Valuation discipline is important too ‘we feel valuation discipline is key given higher than average forward price-to-earnings ratios for equity markets.” As is a “focus on more secular themes which may offer more attractive investment opportunities, such as reshoring and AI/digitalisation.’ What could be called the QVT approach – Quality, Valuation, Themes.
Winterflood: ‘Share price TR +15.9% as discount narrowed slightly from 10.1% to 9.6%; 2.9m shares (3.6% of shares in issue) bought back for £5.6m. EPS -20.5% YoY to 1.59p, reflecting portfolio mix tilting to lower yielding stocks’.
Oryx International Growth (OIG) Cashed Up and Ready to Go Again
OIG reported a +12.2% increase in NAV for the full year. As Chairman, Nigel Cayzer, writes ‘When compared against the smaller companies indices, this is a good result.’ The longer-term track record is even more impressive. Over 15 years, NAV per share is up +891.0%; 10 years +211.7%; five years +76.3%; and three years +0.8%. The equivalent figures for UK small caps are +265% over 15 years; +29% for 10 years; +17% for five years; and +6% over three years. Apart from the three-year timeframe, a full house.

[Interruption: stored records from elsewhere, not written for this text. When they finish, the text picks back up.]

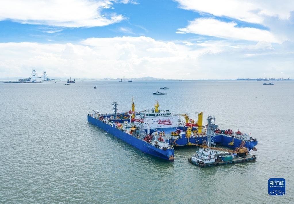 “一航津安1”號沉管運輸安裝一體船在沉放安裝E23管節(jié)和最終接頭,背后是建設(shè)中的深中通道伶仃洋大橋(6月9日攝,無人機照片)。
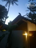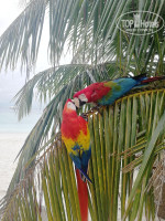 Сам остров небольшой - 300 х 200 м, территория покрыта песком: на пляже белый помельче, «в глуби» острова – пожелтее и побольше. По территории бегают ящерицы, куры, павлины, бродит одинокая цапля, а также иногда выпускают полетать попугаев – всё остальное время они сидят на жёрдочках возле пункта проката. Кстати, несмотря на то, что попугаев можно подкормить фруктами, они злющие – палец в рот не клади, могут покусать. WiFi ловит практически везде – есть возможность оперативно выложить фоточки в инстаграмм (инстаграммные войска оценят).
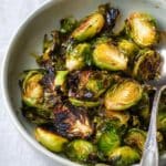 - Adjust and Serve: Taste the roasted Brussels sprouts and adjust seasoning with more salt or pepper if desired. Serve warm as a delicious side dish.

Back to the year under review, performance was driven by an outbreak of M&A activity among the portfolio holdings. As the investment managers write ‘Recent corporate actions will substantially increase our cash reserves, enabling us to take advantage of opportunities as they arise.’ And so, the cycle begins again.
Winterflood: ‘Share price TR -1.8% as discount widened from 19.0% to 29.1%; no shares repurchased.’
Polar Capital Global Financials (PCFT) Getting More Active
PCFT outperformed over the half year – NAV and share price total return came in at +18.2% and +23.3% respectively compared to the MSCI ACWI Financials Index’s +15.9% net total return. As the investment managers explain, the global financials sector has been a beneficiary of the higher interest rate environment, ‘the rapid rise in interest rates has been a tailwind for the banking sector’ That’s not all. ‘Equally insurance companies have benefited from the rise in interest rates and bond yields, which has boosted investment income and therefore profitability’.
With interest rates expected to start coming down (at some point), the managers believe they may have ‘to be more active than we would otherwise be in positioning the Trust’s portfolio to benefit from the sector’s tailwinds as well as navigate around some of the risks.’
Winterflood: ‘Europe allocation was the largest geographic contributor to relative performance, while India and Philippines detracted. Overweight allocation to alternative asset managers contributed. The managers remain constructive on the outlook for Financials, and note that, as the biggest spender on technology, the sector is expected to be one of the key beneficiaries of AI efficiencies.’
Numis: ‘Since the fund’s reconstruction in April 2020, PCFT has returned 112.8% on a NAV total return basis, as compared to 112.5% for the MSCI ACWI Financials. We believe the fund is an attractive holding for exposure to financials. PCFT is currently trading on a 8% discount to NAV.’